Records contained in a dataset

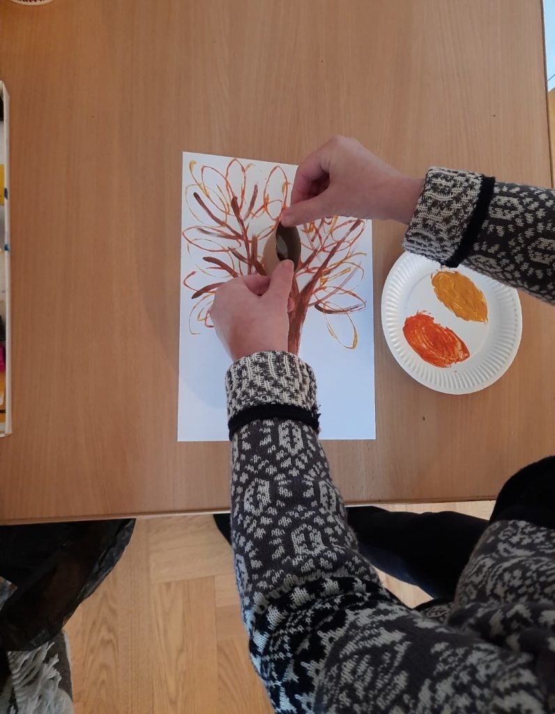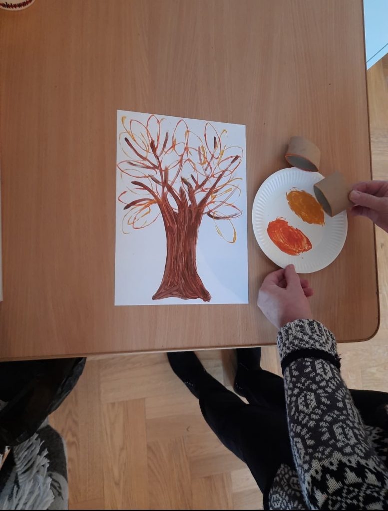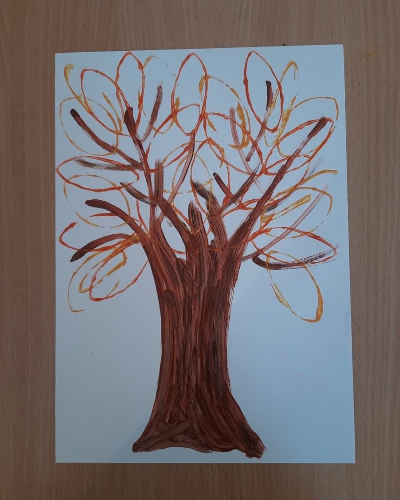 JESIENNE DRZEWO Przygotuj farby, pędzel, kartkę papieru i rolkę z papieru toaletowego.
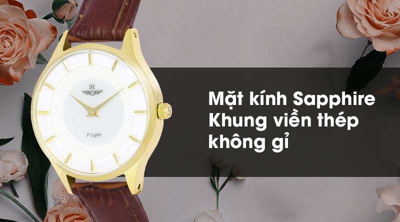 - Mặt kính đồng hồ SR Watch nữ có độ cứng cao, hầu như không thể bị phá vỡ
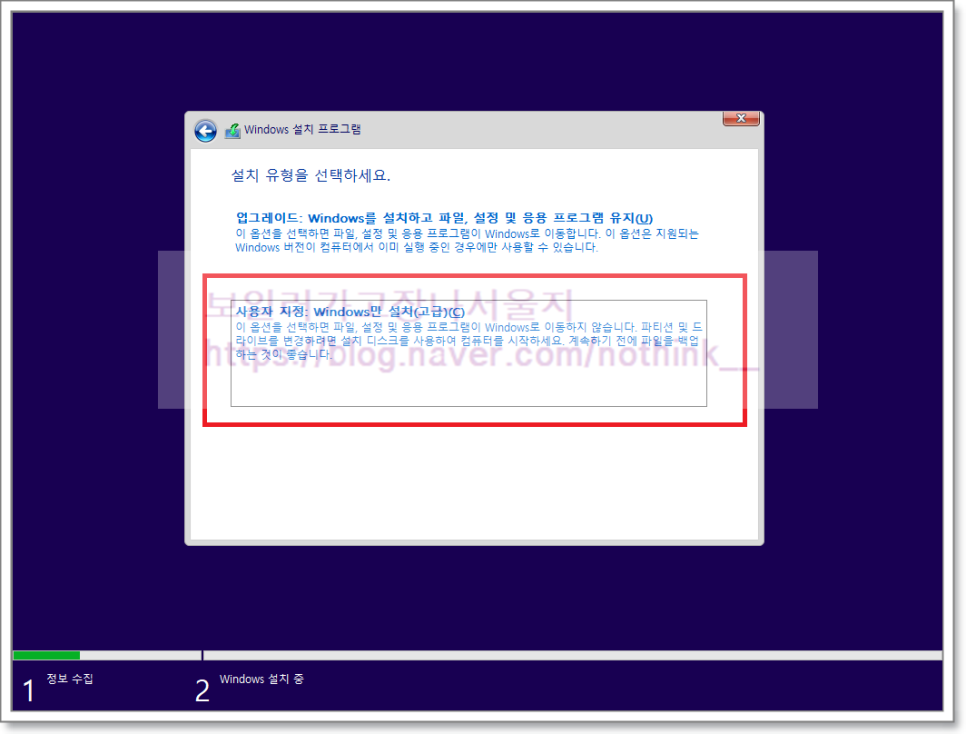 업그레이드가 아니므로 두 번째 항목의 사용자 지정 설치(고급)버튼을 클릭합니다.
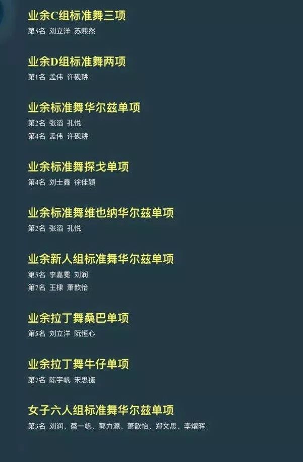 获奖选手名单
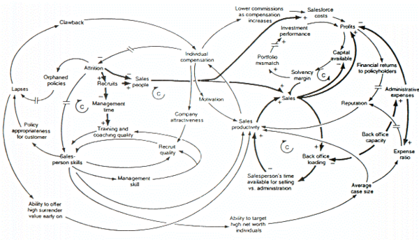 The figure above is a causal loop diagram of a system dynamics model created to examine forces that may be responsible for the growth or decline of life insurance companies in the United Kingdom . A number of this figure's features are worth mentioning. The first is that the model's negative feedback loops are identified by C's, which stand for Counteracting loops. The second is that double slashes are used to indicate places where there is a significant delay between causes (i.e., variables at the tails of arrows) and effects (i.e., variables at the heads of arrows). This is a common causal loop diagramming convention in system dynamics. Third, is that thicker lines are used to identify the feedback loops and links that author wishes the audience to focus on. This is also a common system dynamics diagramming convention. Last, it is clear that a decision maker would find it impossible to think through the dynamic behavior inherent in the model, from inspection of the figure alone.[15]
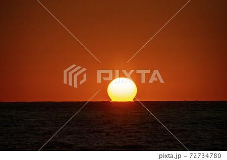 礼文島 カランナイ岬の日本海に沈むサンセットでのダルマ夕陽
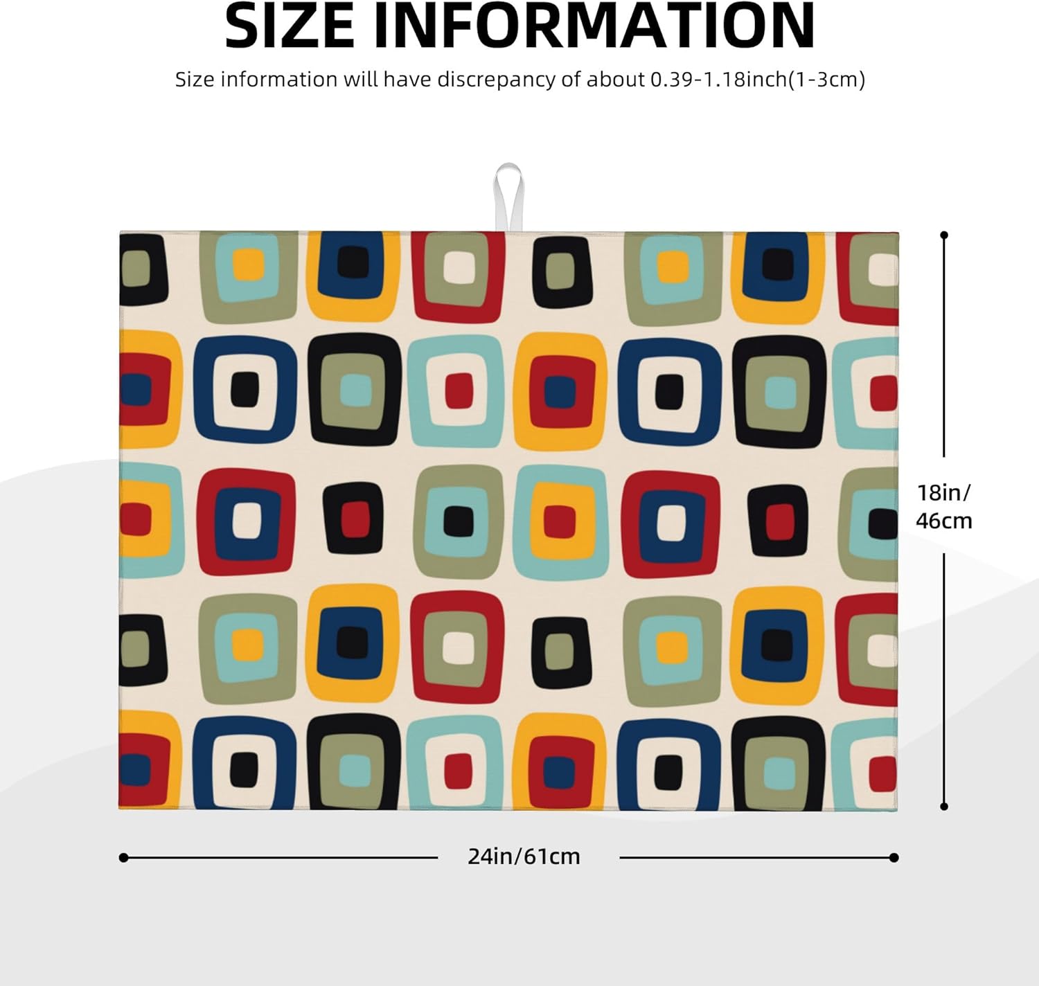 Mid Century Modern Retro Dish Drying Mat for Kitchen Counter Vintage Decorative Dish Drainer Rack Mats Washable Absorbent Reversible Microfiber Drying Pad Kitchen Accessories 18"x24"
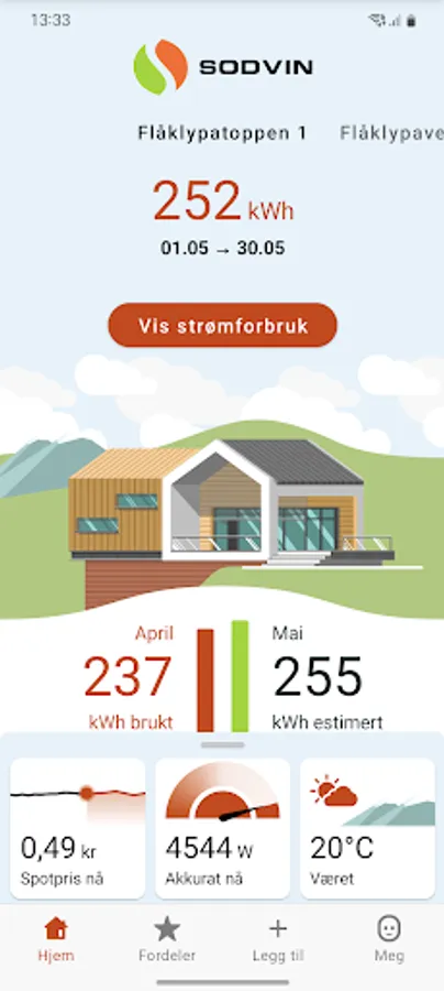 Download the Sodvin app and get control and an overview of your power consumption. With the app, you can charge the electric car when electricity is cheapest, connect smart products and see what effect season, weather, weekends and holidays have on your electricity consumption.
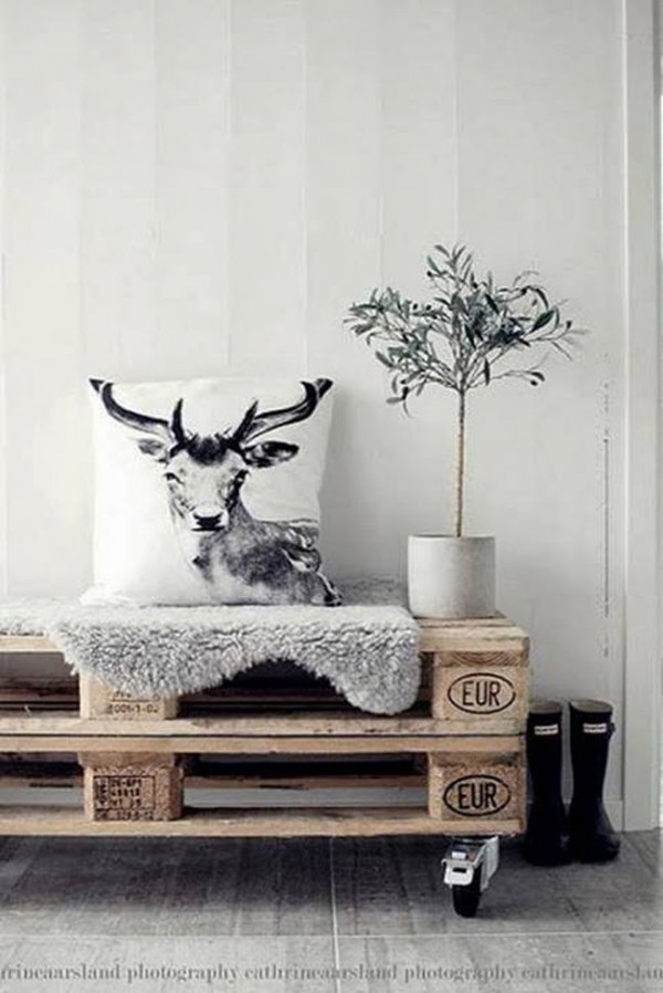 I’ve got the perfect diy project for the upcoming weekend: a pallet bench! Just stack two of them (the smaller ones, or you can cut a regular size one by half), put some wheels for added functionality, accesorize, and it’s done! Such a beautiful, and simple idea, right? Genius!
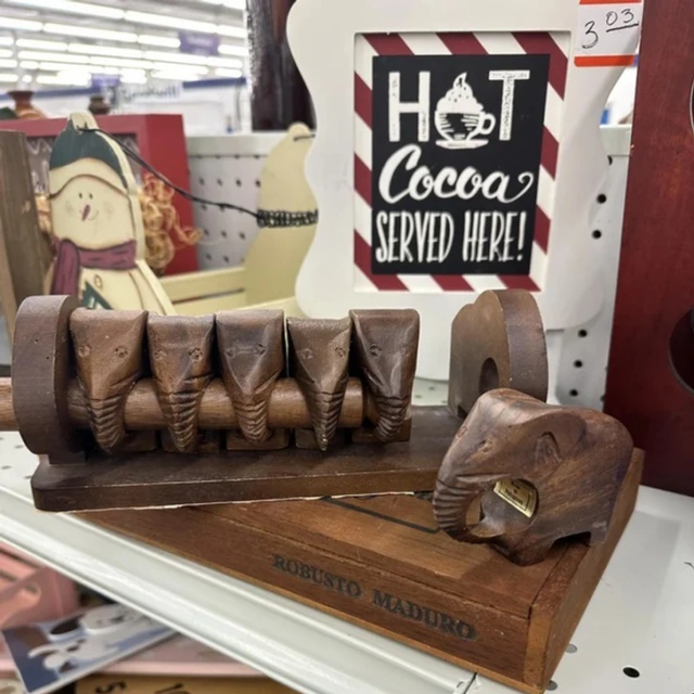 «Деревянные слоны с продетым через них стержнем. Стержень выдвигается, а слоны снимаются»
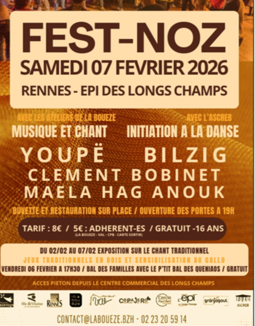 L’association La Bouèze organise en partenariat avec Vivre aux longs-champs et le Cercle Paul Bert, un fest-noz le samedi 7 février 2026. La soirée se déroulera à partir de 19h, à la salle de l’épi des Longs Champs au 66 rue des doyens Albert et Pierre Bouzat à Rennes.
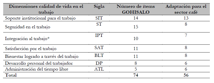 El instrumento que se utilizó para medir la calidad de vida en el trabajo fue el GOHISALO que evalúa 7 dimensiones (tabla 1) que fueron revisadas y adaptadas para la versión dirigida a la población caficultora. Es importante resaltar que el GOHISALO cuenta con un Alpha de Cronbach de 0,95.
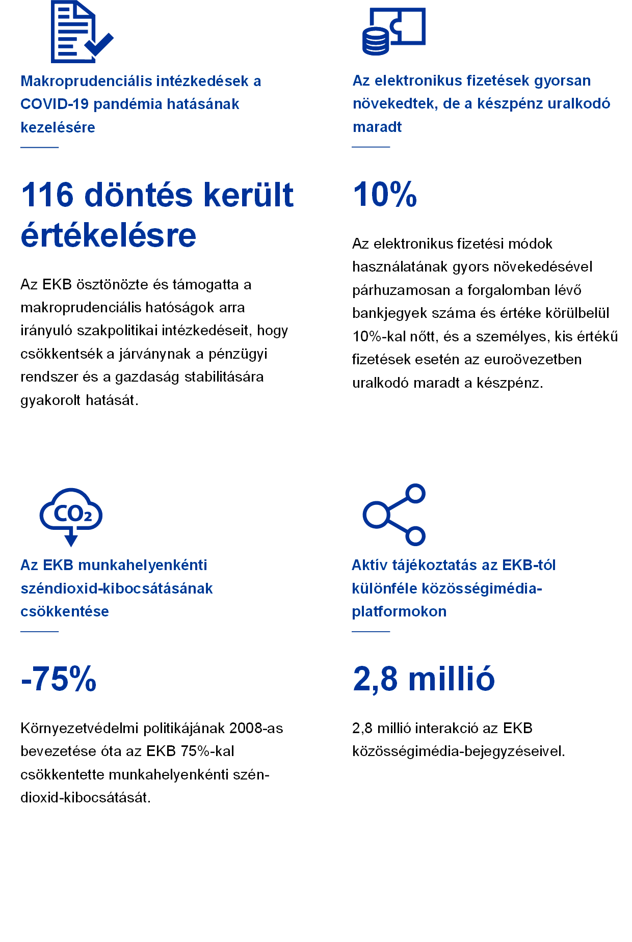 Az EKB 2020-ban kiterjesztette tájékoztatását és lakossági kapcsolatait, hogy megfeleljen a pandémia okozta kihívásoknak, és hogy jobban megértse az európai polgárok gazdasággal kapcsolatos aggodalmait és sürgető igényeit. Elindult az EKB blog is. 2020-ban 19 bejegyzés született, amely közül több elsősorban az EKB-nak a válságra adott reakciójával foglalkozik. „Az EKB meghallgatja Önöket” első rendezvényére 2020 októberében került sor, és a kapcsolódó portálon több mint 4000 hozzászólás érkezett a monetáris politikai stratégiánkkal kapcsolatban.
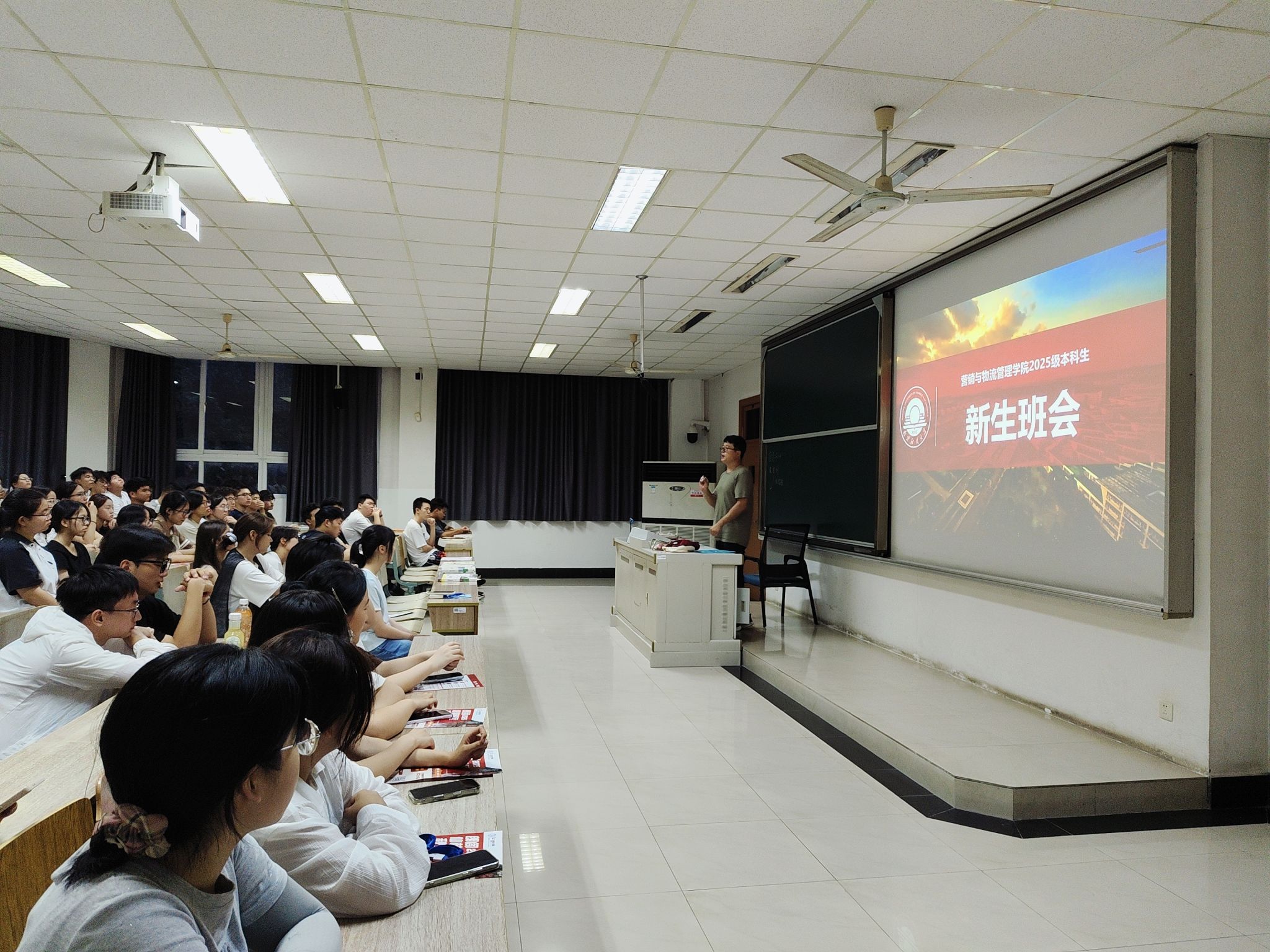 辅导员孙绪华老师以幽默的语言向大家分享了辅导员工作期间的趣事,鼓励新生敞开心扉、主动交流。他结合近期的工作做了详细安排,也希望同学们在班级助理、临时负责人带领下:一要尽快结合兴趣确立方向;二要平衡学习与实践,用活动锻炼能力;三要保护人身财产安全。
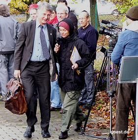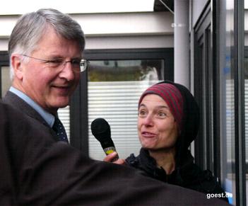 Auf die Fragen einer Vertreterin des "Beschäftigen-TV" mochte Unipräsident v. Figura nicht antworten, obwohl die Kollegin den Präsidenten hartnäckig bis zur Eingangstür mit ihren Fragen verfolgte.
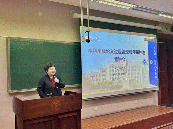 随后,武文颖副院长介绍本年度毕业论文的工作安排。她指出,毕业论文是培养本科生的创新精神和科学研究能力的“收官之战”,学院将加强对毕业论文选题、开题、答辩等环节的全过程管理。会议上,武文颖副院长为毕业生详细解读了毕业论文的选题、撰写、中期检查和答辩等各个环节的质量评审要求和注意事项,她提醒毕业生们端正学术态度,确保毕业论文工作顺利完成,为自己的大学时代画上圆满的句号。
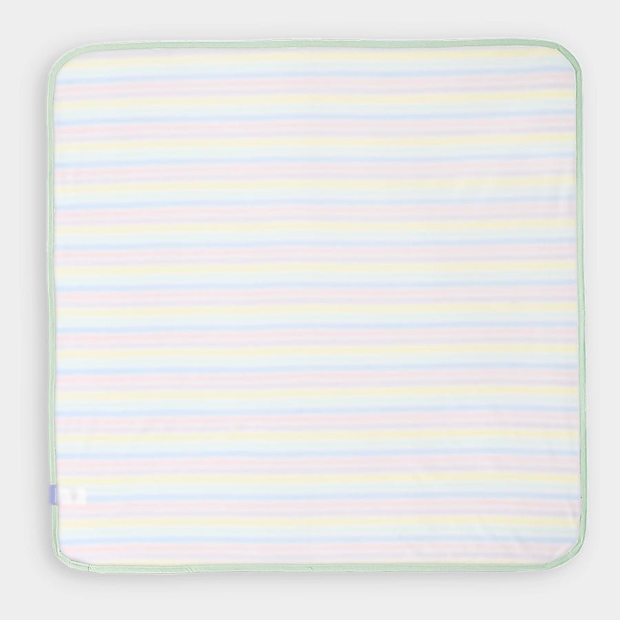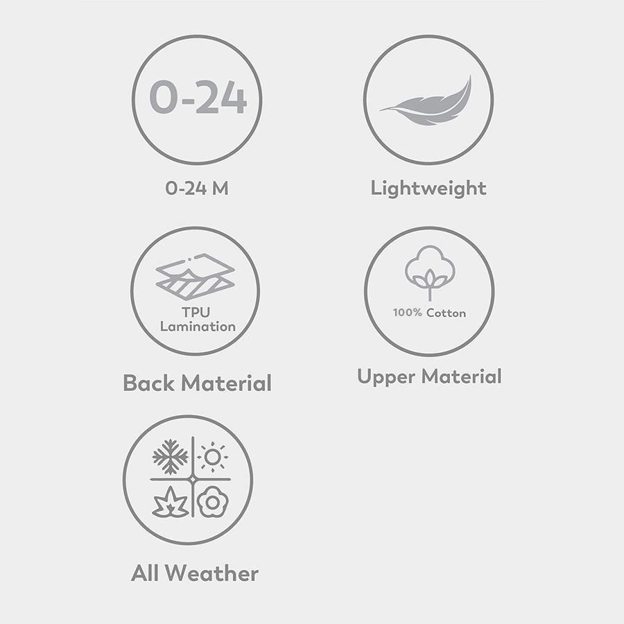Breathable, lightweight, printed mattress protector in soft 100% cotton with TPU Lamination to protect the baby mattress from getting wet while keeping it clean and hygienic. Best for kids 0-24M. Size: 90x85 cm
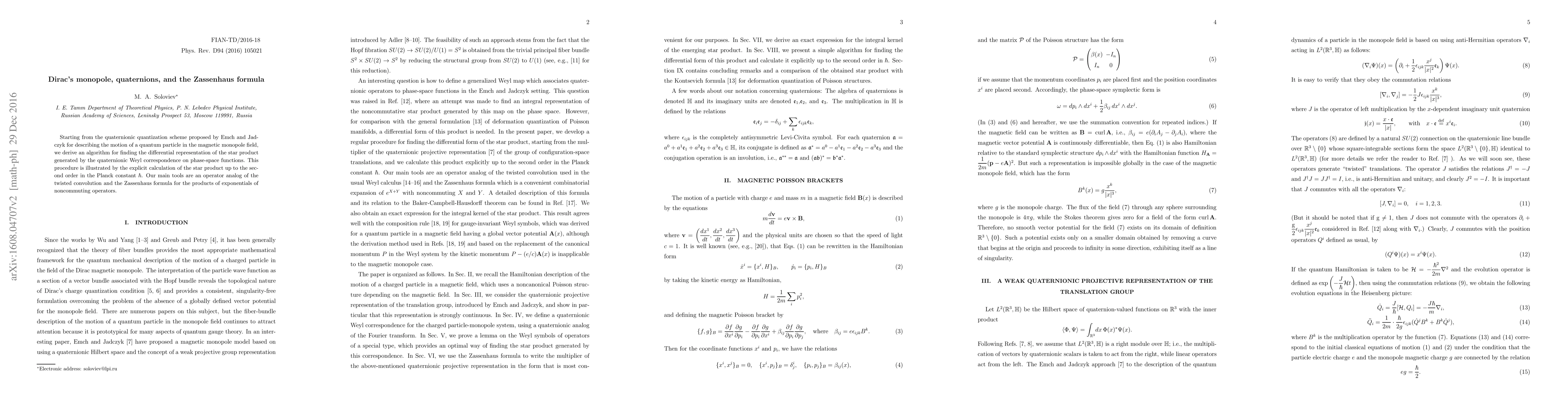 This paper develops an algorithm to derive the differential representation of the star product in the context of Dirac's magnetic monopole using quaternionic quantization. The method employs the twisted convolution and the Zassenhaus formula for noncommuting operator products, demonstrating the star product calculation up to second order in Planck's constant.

What you need to do
Return only the lines running from the start of the entries above to the line that contains "слоны с продетым", inclusive, and omit every picture.

Finished exercise
 JESIENNE DRZEWO Przygotuj farby, pędzel, kartkę papieru i rolkę z papieru toaletowego.
 - Mặt kính đồng hồ SR Watch nữ có độ cứng cao, hầu như không thể bị phá vỡ
 업그레이드가 아니므로 두 번째 항목의 사용자 지정 설치(고급)버튼을 클릭합니다.
 获奖选手名单
 The figure above is a causal loop diagram of a system dynamics model created to examine forces that may be responsible for the growth or decline of life insurance companies in the United Kingdom . A number of this figure's features are worth mentioning. The first is that the model's negative feedback loops are identified by C's, which stand for Counteracting loops. The second is that double slashes are used to indicate places where there is a significant delay between causes (i.e., variables at the tails of arrows) and effects (i.e., variables at the heads of arrows). This is a common causal loop diagramming convention in system dynamics. Third, is that thicker lines are used to identify the feedback loops and links that author wishes the audience to focus on. This is also a common system dynamics diagramming convention. Last, it is clear that a decision maker would find it impossible to think through the dynamic behavior inherent in the model, from inspection of the figure alone.[15]
 礼文島 カランナイ岬の日本海に沈むサンセットでのダルマ夕陽
 Mid Century Modern Retro Dish Drying Mat for Kitchen Counter Vintage Decorative Dish Drainer Rack Mats Washable Absorbent Reversible Microfiber Drying Pad Kitchen Accessories 18"x24"
 Download the Sodvin app and get control and an overview of your power consumption. With the app, you can charge the electric car when electricity is cheapest, connect smart products and see what effect season, weather, weekends and holidays have on your electricity consumption.
 I’ve got the perfect diy project for the upcoming weekend: a pallet bench! Just stack two of them (the smaller ones, or you can cut a regular size one by half), put some wheels for added functionality, accesorize, and it’s done! Such a beautiful, and simple idea, right? Genius!
 «Деревянные слоны с продетым через них стержнем. Стержень выдвигается, а слоны снимаются»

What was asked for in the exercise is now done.